Update: As suggested below by @Jérôme Richard, a fast way to repeatedly find the index of the maximum in a partially updated array is to split the array into chunks, pre-compute the maxima of the chunks, and then in each iteration re-compute the maxima of only the nchange (or less) updated chunks, followed by computing the argmax over the chunk maxima, returning the chunk index, and finding the argmax within the chunk of that chunk index.

I copied the code from @Jérôme Richard’s answer. In practice, his solution, when run on my system, results in a speed-boost of about 7.3, requiring 46.6 + 33 = 79.6 musec instead of 580 musec for b.argmax().

import numba as nb

@nb.njit('(f8[::1],)', parallel=True)
def precompute_max_per_chunk(b):
    # Required for this simplified version to work and be simple
    assert b.size % 32 == 0
    max_per_chunk = np.empty(b.size // 32)

    for chunk_idx in nb.prange(b.size//32):
        offset = chunk_idx * 32
        maxi = b[offset]
        for j in range(1, 32):
            maxi = max(b[offset + j], maxi)
        max_per_chunk[chunk_idx] = maxi

    return max_per_chunk
# OMP: Info #276: omp_set_nested routine deprecated, please use omp_set_max_active_levels instead.

@nb.njit('(f8[::1], f8[::1])')
def argmax_from_chunks(b, max_per_chunk):
    # Required for this simplified version to work and be simple
    assert b.size % 32 == 0
    assert max_per_chunk.size == b.size // 32

    chunk_idx = np.argmax(max_per_chunk)
    offset = chunk_idx * 32
    return offset + np.argmax(b[offset:offset+32])

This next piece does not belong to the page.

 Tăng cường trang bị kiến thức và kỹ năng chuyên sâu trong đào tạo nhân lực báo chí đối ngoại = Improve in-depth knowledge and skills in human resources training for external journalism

@nb.njit('(f8[::1], f8[::1], i8[::1])')
def update_max_per_chunk(b, max_per_chunk, ichange):
    # Required for this simplified version to work and be simple
    assert b.size % 32 == 0
    assert max_per_chunk.size == b.size // 32

    for idx in ichange:
        chunk_idx = idx // 32
        offset = chunk_idx * 32
        maxi = b[offset]
        for j in range(1, 32):
            maxi = max(b[offset + j], maxi)
        max_per_chunk[chunk_idx] = maxi

b = np.random.rand(nsel)
max_per_chunk = precompute_max_per_chunk(b)
a, b, ichange = do_update_iter(a, b)
argmax_from_chunks(b, max_per_chunk)
update_max_per_chunk(b, max_per_chunk, ichange)

%timeit max_per_chunk = precompute_max_per_chunk(b)     # 77.3 µs ± 17.2 µs per loop (mean ± std. dev. of 7 runs, 10000 loops each)
%timeit argmax_from_chunks(b, max_per_chunk)            # 46.6 µs ± 11.3 ns per loop (mean ± std. dev. of 7 runs, 10000 loops each)
%timeit update_max_per_chunk(b, max_per_chunk, ichange) # 33 µs ± 40.6 ns per loop (mean ± std. dev. of 7 runs, 10000 loops each)

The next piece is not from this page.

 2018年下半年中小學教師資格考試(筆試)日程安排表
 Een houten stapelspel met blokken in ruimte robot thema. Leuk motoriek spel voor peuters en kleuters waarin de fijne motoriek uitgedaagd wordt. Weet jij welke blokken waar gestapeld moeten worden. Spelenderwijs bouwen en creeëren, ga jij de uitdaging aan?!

Update 2: I now modified @Jérôme Richard’s solution to work with arrays b having a size not equal to an integer multiple of the chunk size. In addition the code only accesses all chunk values if an updated value is smaller than the previous chunk maximum, else directly sets the updated value as the new chunk maximum. The if-queries should require a small time compared to the time saving when the updated value is larger than the previous maximum. In my code, this case will become more and more likely the more iterations have passed (the updated values get closer and closer to noise, i.e. random). In practice, for random numbers, the execution time for update_max_per_chunk() gets reduced a bit further, from ~33 us to ~27 us. The code and new timings are:

import math

@nb.njit('(f8[::1],)', parallel=True)
def precompute_max_per_chunk_bp(b):
    nchunks = math.ceil(b.size/32)
    imod = b.size % 32
    max_per_chunk = np.empty(nchunks)
    
    for chunk_idx in nb.prange(nchunks):
        offset = chunk_idx * 32
        maxi = b[offset]
        if (chunk_idx != (nchunks - 1)) or (not imod):
            iend = 32
        else:
            iend = imod
        for j in range(1, iend):
            maxi = max(b[offset + j], maxi)
        max_per_chunk[chunk_idx] = maxi

    return max_per_chunk

@nb.njit('(f8[::1], f8[::1])')
def argmax_from_chunks_bp(b, max_per_chunk):
    nchunks = max_per_chunk.size
    imod = b.size % 32
    chunk_idx = np.argmax(max_per_chunk)
    offset = chunk_idx * 32
    if (chunk_idx != (nchunks - 1)) or (not imod):
        return offset + np.argmax(b[offset:offset+32])
    else:
        return offset + np.argmax(b[offset:offset+imod])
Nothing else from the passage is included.